Екатерина Лесина – Охота на охотника (страница 61)
Она не хотела идти, но тело ее само… кричать попыталась, а не смогла.
– Вот что настоящий дар, а не твои эти… пропаданки, – сказал Мишанька, выбирая грибы из разломанного пирожка. – Хочешь жить? Вижу, хочешь. А еще, наверное, хочешь, чтобы братики твои жили… младшенький особенно. Маменька его любит. Огорчится, если вдруг в колодец упадет. Или в лес сбежит. Или еще куда… мало ли какая напасть приключиться может, правда?
Она только и смогла, что заплакать.
Ей было тринадцать.
А Мишанька фыркнул и сказал:
– Я тебя отпущу, если ты сейчас поклянешься служить мне верой и правдой. Поклянешься ведь?

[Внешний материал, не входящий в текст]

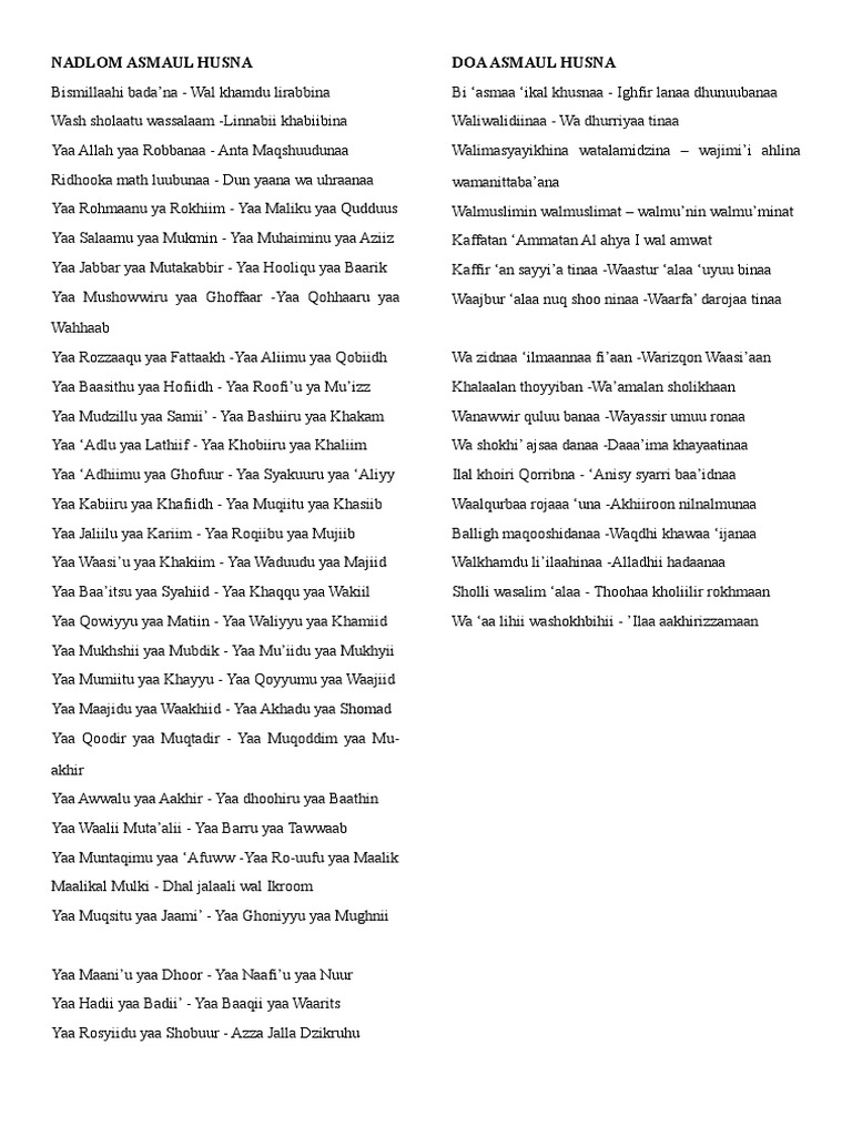 Doc Teks Doa Dalam Manzhumah Asmaul Husna Dan Terjemahnya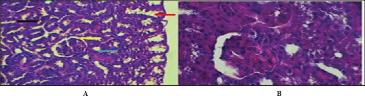 Fig. 11. Cross-histological section of the renal cortex in hamsters aged 2 months, consisting of the capsule (red arrow), distinct renal corpuscles (yellow arrow), and proximal tubule (blue arrow) and distal tubule (black arrow). A- 20x. PAS stain. B- 40x. H&E.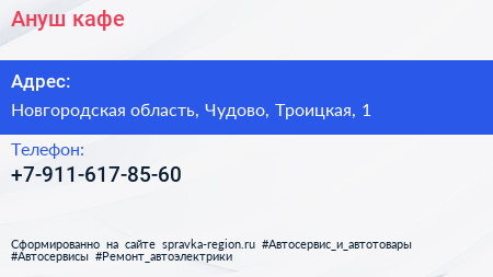 Ануш, кафе по адресу Новгородская область, Чудово, Троицкая, 1 в дальнейшем Организация, размещена в следующих категориях: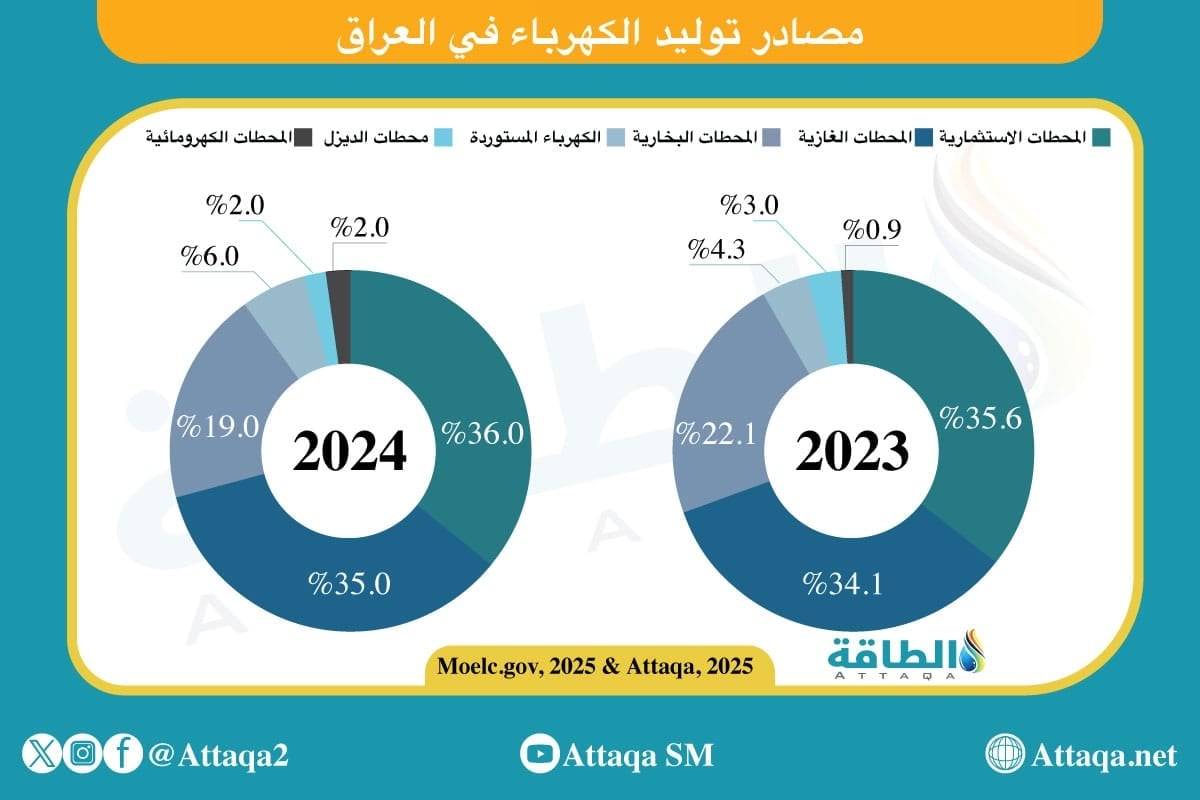 ويوضح الرسم التالي من منصة الطاقة، مصادر توليد الكهرباء في العراق، ومقارنة بين عامي 2023 و2024: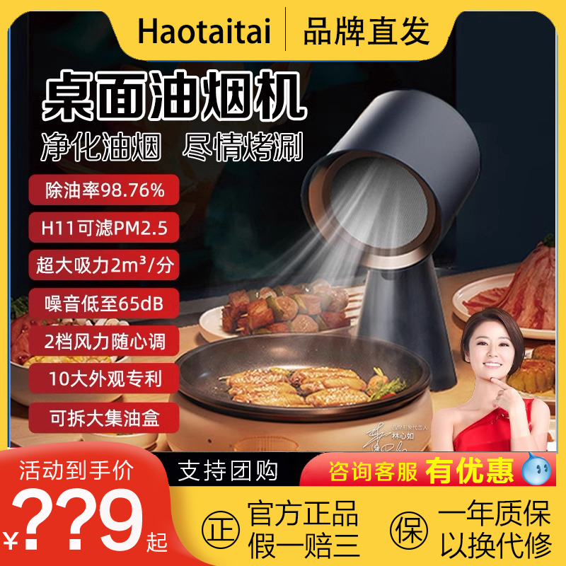 Haotaitai桌面吸油煙機家用便攜式小型迷你大功率火鍋烤肉抽油機
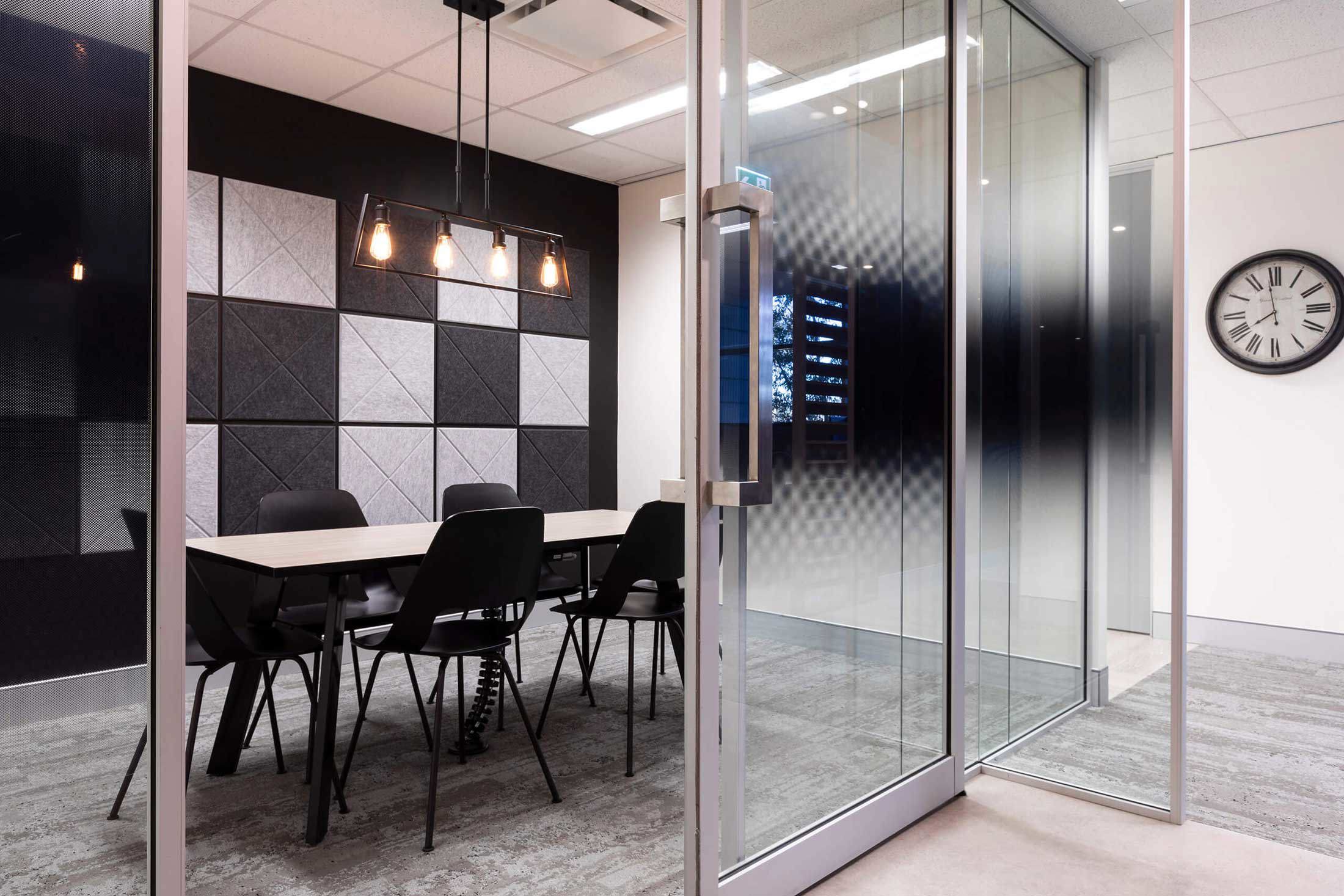 The internal space was reconfigured to accommodate new meeting rooms, which were lacking in the old layout. We introduced acoustic materials throughout to manage noise levels in open spaces.

Что ей оставалось делать? Клятву она принесла тут же, у пруда, пролив кровь, которую Мишанька подобрал белым камушком. Сказал еще:
– Не подумай, я и без тебя обойтись могу. Просто так… интересней.
– Зачем?
Он пожал плечами и все ж ответил.
Тогда-то Дарья и узнала, что тетка родилась от внебрачной связи. И про Смуту. То есть про Смуту Дарья и без того знала, чай, не так уж давно эта Смута и отгремела, чтоб люди ее позабыли.
– Понимаешь, матушка моя, конечно, изрядная дура, если под проклятье подставилась, но благо тетка оказалась умнее, хотя и не сказать чтоб намного, – он позволил Дарье вылезти из воды, платье отдал и половину пирожка протянул.
Тогда еще ей подумалось, что не такой уж он плохой человек.
– Спрятали меня здесь, – сказал он, вытирая пальцы о траву. И стрекозы носились по-над водой. – Кровью укрыли. Теткина полюбовница постаралась. Что? Разве не знаешь? По-моему, про это все знают. Вон в следующий раз приглядись. Как только слух появляется, что она в гости заглянет, так наши девки по углам жмутся… дуры. Нет бы шанс использовать. Ты пирожок ешь. Не бойся. Я тебя не убью. Привык. Да и польза от тебя быть может.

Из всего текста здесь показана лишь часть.